Work task: Could the listing be repeated exactly, with every picture dropped?

Dataset excerpt:
[Start of section]

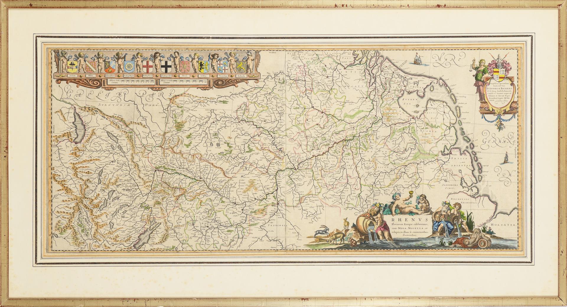 "Rhenus Fluviorum Europae celeberrimus cum Mosa, Mosella ..." von G. Blaeu. Passepartout etwas stockfleckig.
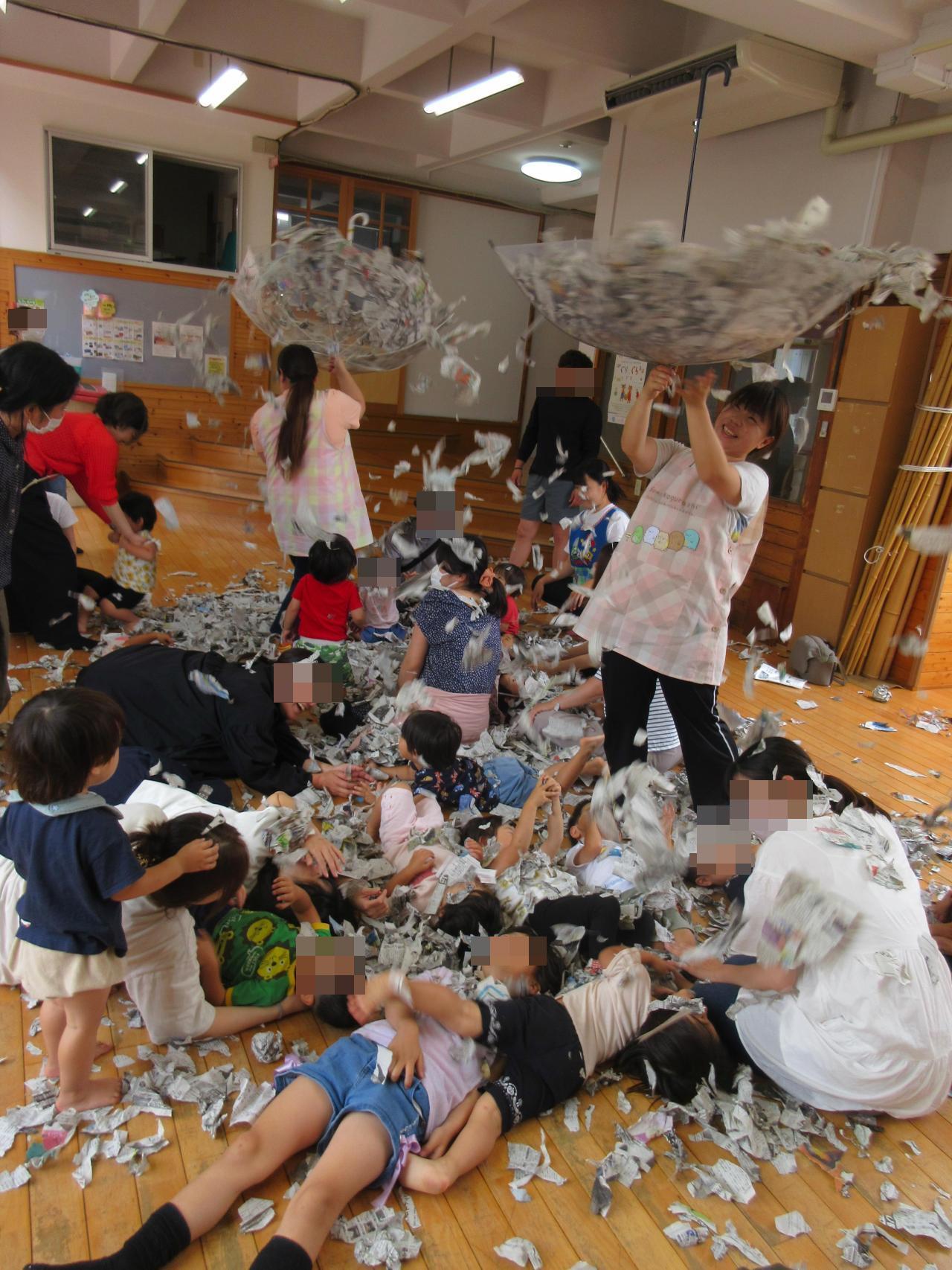 新聞あそびは、1、2歳児クラスであそびました。小さくちぎったたくさんの新聞紙を豪快に降らせたり、投げたりして思いきり遊んでいました。最後は、ビニール傘をつかって、紙吹雪あそびをしました。ごろんと寝転がると、勢いよく降ってくる紙吹雪に大喜びでした。
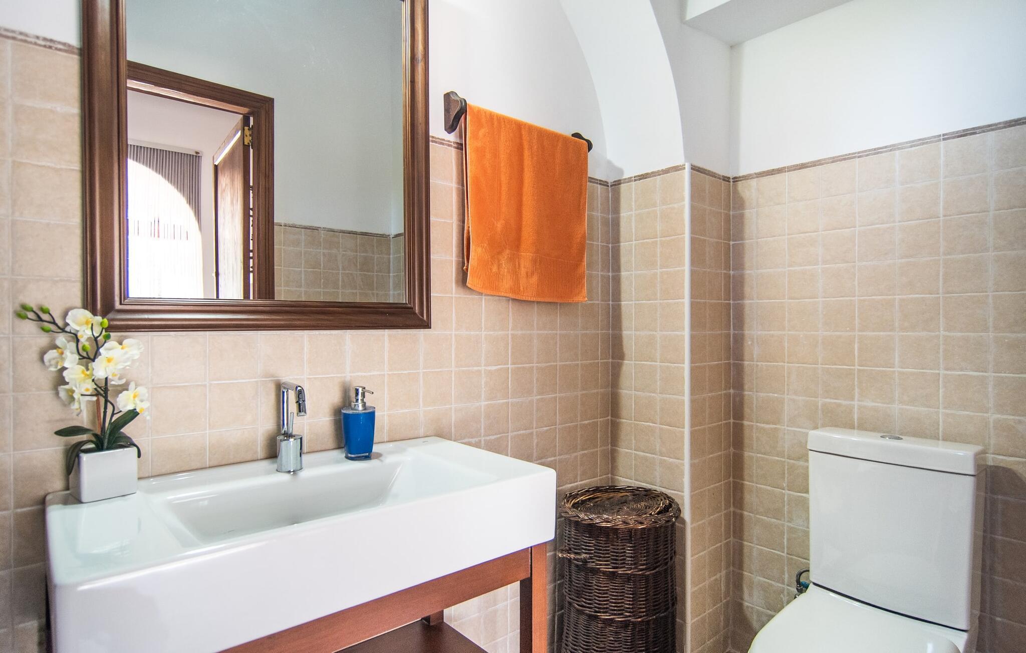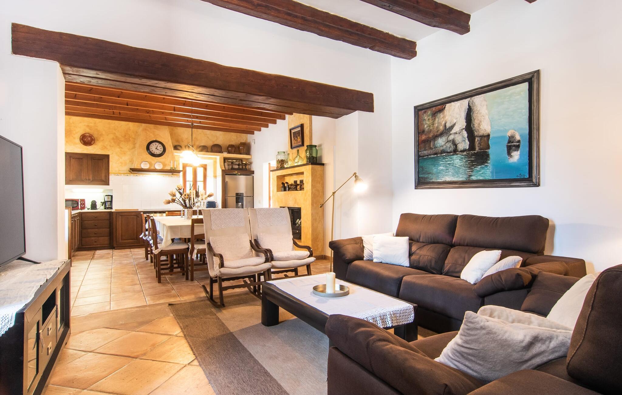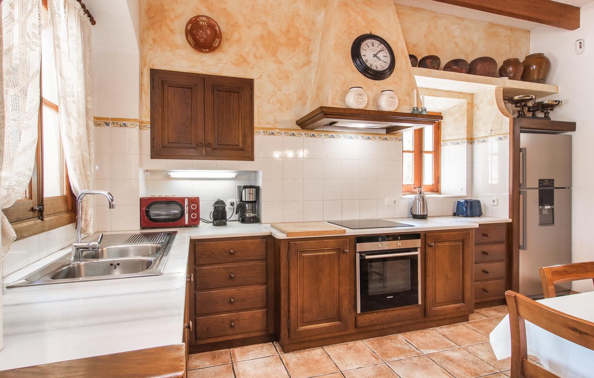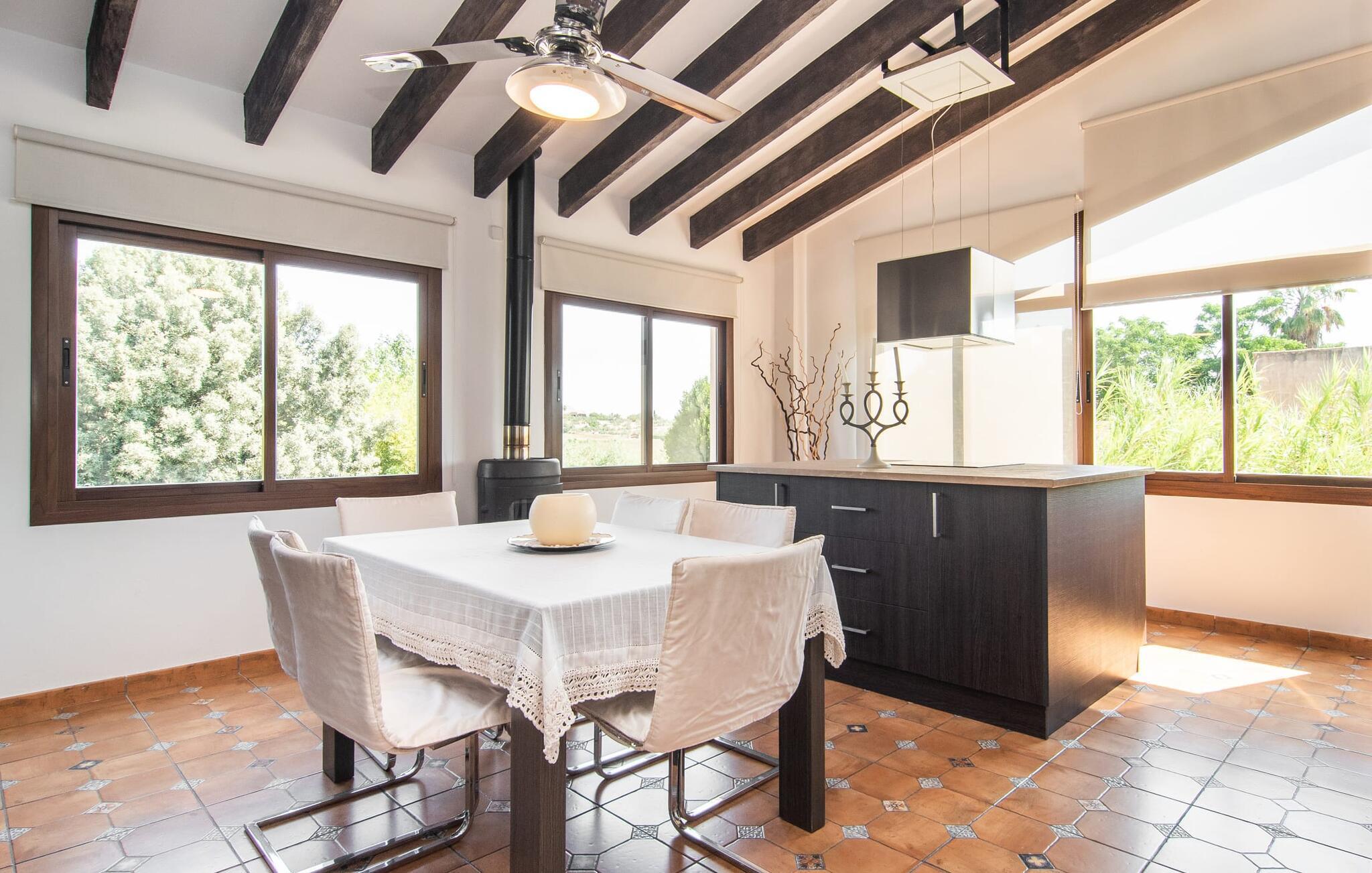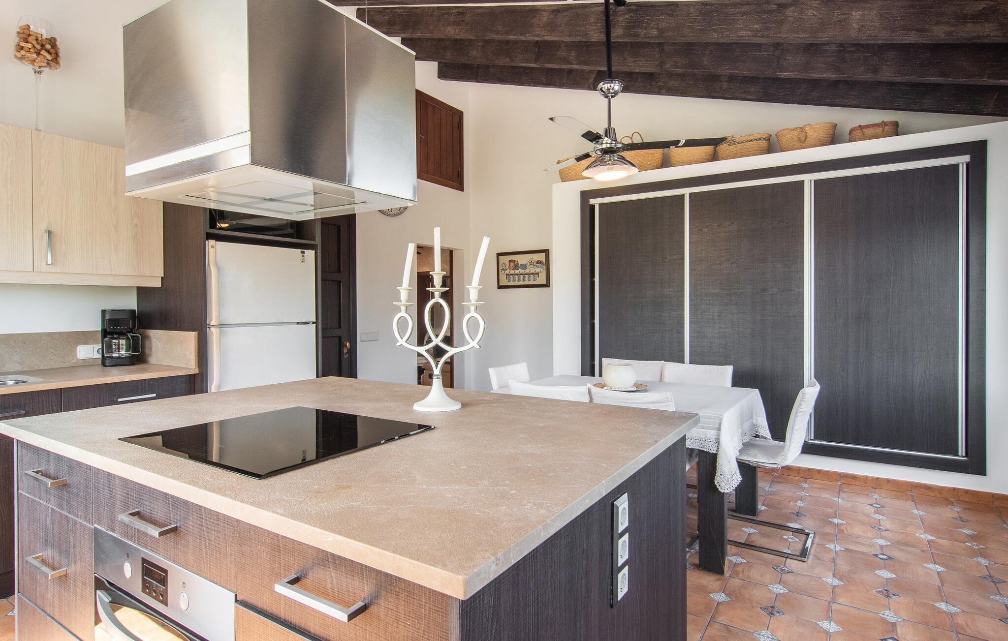 "Martijoan" er et glimrende eksempel på et privat mallorcansk landsted. Vores luftfotos fremhæver placeringen ved "Campo", selvom du allerede kan se Manacors skyline i baggrunden. Området er domineret af landbrugsjord, som sammen med den smukke have tilføjer villaens charme. Gå en rolig tur rundt i ejendommen, hvor du finder attraktive siddepladser både i haven og i huset. Skyggefulde terrasser med daybeds, morgenmadssteder til din morgenkaffe, bambus- eller stofparasoller med fede møbler, en spiseplads på verandaen, et opholdsområde på altanen ovenpå, det hyggelige hjørne i haven foran dammen - disse er bare nogle få af de områder, der er tilgængelige. Det er værd at opdage og vil især glæde dine børn. Ud over opdagelsesturen i det åbne område er der fitness- og spillelokale i garagen til rådighed for store og små. Der er også mål i en fodboldkamp, og intet står i vejen for en bordtennis- eller bordfodboldturnering. To andre højdepunkter skal nævnes: den store pool og det overdækkede udendørs køkken med grill og ovn. Poolen er indlejret i en terrasse udstyret med liggestole og en chill lounge lavet af kurvemøbler. Udetoilettet er særligt praktisk, da det betyder, at du ikke behøver at afbryde dine aktiviteter for længe. I sommerkøkkenet kan du tilberede en grill af frisk fisk, kød og grøntsager og nyde de smagfulde produkter, som Mallorca har at byde på. Dette er et Fincallorca feriehus. Den velholdte nybyggede villa med charmen fra en mallorcansk landejendom byder på et fantastisk layout, perfekt hvis du rejser med to eller flere familier. Huset byder på komplette faciliteter på begge etager, hver med stue og køkken, så I kan tilbringe jeres ferie sammen på trods af at de er noget adskilt. I stueetagen ligger landstedets køkken med pejs ved siden af spisepladsen og grænser op til den åbne opholdsstue. Møblerne er af høj kvalitet og er traditionelt suppleret med antikke møbler. Indretningen ser meget moderne ud, med et strejf af nostalgi. Et klaver supplerer det attraktive "Ensemble des Parterres", som også har to udsøgt møblerede soveværelser med masser af opbevaringsplads og et moderne badeværelse med badekar og bruser. Ovenpå finder du et lignende anlæg med en stue, et meget moderne, fuldt udstyret køkken arrangeret omkring en hyggelig ø og en pejs. Tre soveværelser med aircondition, komfortable dobbeltsenge og et moderne brusebad fuldender denne selvforsynende boligenhed, som derfor er perfekt til en anden familie. På øverste etage er der desuden en overdækket altan med pooludsigt, hvor I kan tilbringe hyggelige timer med en smuk udsigt. Denne opdeling giver en større rejsegruppe meget behagelig autonomi - den ene ferierytme forstyrrer ikke den anden, og samværet med at grille og lege er udelukkende til afslapning. Lille bemærkning: På grund af en aktuel teknisk indstilling på den digitale elmåler skal de tre klimaanlæg tændes efter hinanden og kan ikke bruges samtidigt. Hvis en familie bevidst vælger en landvilla, som det er tilfældet med den anbefalede "Martijoan", kan de føle sig særligt frie. Det er endnu pænere, når du næsten er inden for synsvidde af en by. Da den alsidige villa er bekvemt placeret i nærheden af en vej, der nogle gange er hørbar, kan Manacor nås på 5 minutter i bil. Manacor er dog ikke en hvilken som helst by, men den næststørste på Mallorca. Oversat betyder navnet "hånden på hjertet", og det afspejler virkelig, hvor smuk byen er. Den er ikke kun kendt for sin perleindustri, men også for keramik, vin og meget mere. Der er et frugt- og grøntsagsmarked hver dag (undtagen søndage) på Placa Constitucio. Alt er perfekt til en selvbestemt ferie med venner og familie. Det vidunderlige layout og fantastiske indretning af den familievenlige villa "Martijoan" er ideelle til to familier, der rejser sammen. Huset er omgivet af et skønt havelandskab med mange detaljer og ligger helt landligt, ca 3 km fra Manacor. Her kan du gøre dine daglige indkøb eller nyde en omfattende shoppingtur. Fantastisk smukke strande, som er relativt ukendte for turister, såsom Cala Varques, kan nemt nås i bil.

[End of section]

Exercise response:
 "Rhenus Fluviorum Europae celeberrimus cum Mosa, Mosella ..." von G. Blaeu. Passepartout etwas stockfleckig.
 新聞あそびは、1、2歳児クラスであそびました。小さくちぎったたくさんの新聞紙を豪快に降らせたり、投げたりして思いきり遊んでいました。最後は、ビニール傘をつかって、紙吹雪あそびをしました。ごろんと寝転がると、勢いよく降ってくる紙吹雪に大喜びでした。
 "Martijoan" er et glimrende eksempel på et privat mallorcansk landsted. Vores luftfotos fremhæver placeringen ved "Campo", selvom du allerede kan se Manacors skyline i baggrunden. Området er domineret af landbrugsjord, som sammen med den smukke have tilføjer villaens charme. Gå en rolig tur rundt i ejendommen, hvor du finder attraktive siddepladser både i haven og i huset. Skyggefulde terrasser med daybeds, morgenmadssteder til din morgenkaffe, bambus- eller stofparasoller med fede møbler, en spiseplads på verandaen, et opholdsområde på altanen ovenpå, det hyggelige hjørne i haven foran dammen - disse er bare nogle få af de områder, der er tilgængelige. Det er værd at opdage og vil især glæde dine børn. Ud over opdagelsesturen i det åbne område er der fitness- og spillelokale i garagen til rådighed for store og små. Der er også mål i en fodboldkamp, og intet står i vejen for en bordtennis- eller bordfodboldturnering. To andre højdepunkter skal nævnes: den store pool og det overdækkede udendørs køkken med grill og ovn. Poolen er indlejret i en terrasse udstyret med liggestole og en chill lounge lavet af kurvemøbler. Udetoilettet er særligt praktisk, da det betyder, at du ikke behøver at afbryde dine aktiviteter for længe. I sommerkøkkenet kan du tilberede en grill af frisk fisk, kød og grøntsager og nyde de smagfulde produkter, som Mallorca har at byde på. Dette er et Fincallorca feriehus. Den velholdte nybyggede villa med charmen fra en mallorcansk landejendom byder på et fantastisk layout, perfekt hvis du rejser med to eller flere familier. Huset byder på komplette faciliteter på begge etager, hver med stue og køkken, så I kan tilbringe jeres ferie sammen på trods af at de er noget adskilt. I stueetagen ligger landstedets køkken med pejs ved siden af spisepladsen og grænser op til den åbne opholdsstue. Møblerne er af høj kvalitet og er traditionelt suppleret med antikke møbler. Indretningen ser meget moderne ud, med et strejf af nostalgi. Et klaver supplerer det attraktive "Ensemble des Parterres", som også har to udsøgt møblerede soveværelser med masser af opbevaringsplads og et moderne badeværelse med badekar og bruser. Ovenpå finder du et lignende anlæg med en stue, et meget moderne, fuldt udstyret køkken arrangeret omkring en hyggelig ø og en pejs. Tre soveværelser med aircondition, komfortable dobbeltsenge og et moderne brusebad fuldender denne selvforsynende boligenhed, som derfor er perfekt til en anden familie. På øverste etage er der desuden en overdækket altan med pooludsigt, hvor I kan tilbringe hyggelige timer med en smuk udsigt. Denne opdeling giver en større rejsegruppe meget behagelig autonomi - den ene ferierytme forstyrrer ikke den anden, og samværet med at grille og lege er udelukkende til afslapning. Lille bemærkning: På grund af en aktuel teknisk indstilling på den digitale elmåler skal de tre klimaanlæg tændes efter hinanden og kan ikke bruges samtidigt. Hvis en familie bevidst vælger en landvilla, som det er tilfældet med den anbefalede "Martijoan", kan de føle sig særligt frie. Det er endnu pænere, når du næsten er inden for synsvidde af en by. Da den alsidige villa er bekvemt placeret i nærheden af en vej, der nogle gange er hørbar, kan Manacor nås på 5 minutter i bil. Manacor er dog ikke en hvilken som helst by, men den næststørste på Mallorca. Oversat betyder navnet "hånden på hjertet", og det afspejler virkelig, hvor smuk byen er. Den er ikke kun kendt for sin perleindustri, men også for keramik, vin og meget mere. Der er et frugt- og grøntsagsmarked hver dag (undtagen søndage) på Placa Constitucio. Alt er perfekt til en selvbestemt ferie med venner og familie. Det vidunderlige layout og fantastiske indretning af den familievenlige villa "Martijoan" er ideelle til to familier, der rejser sammen. Huset er omgivet af et skønt havelandskab med mange detaljer og ligger helt landligt, ca 3 km fra Manacor. Her kan du gøre dine daglige indkøb eller nyde en omfattende shoppingtur. Fantastisk smukke strande, som er relativt ukendte for turister, såsom Cala Varques, kan nemt nås i bil.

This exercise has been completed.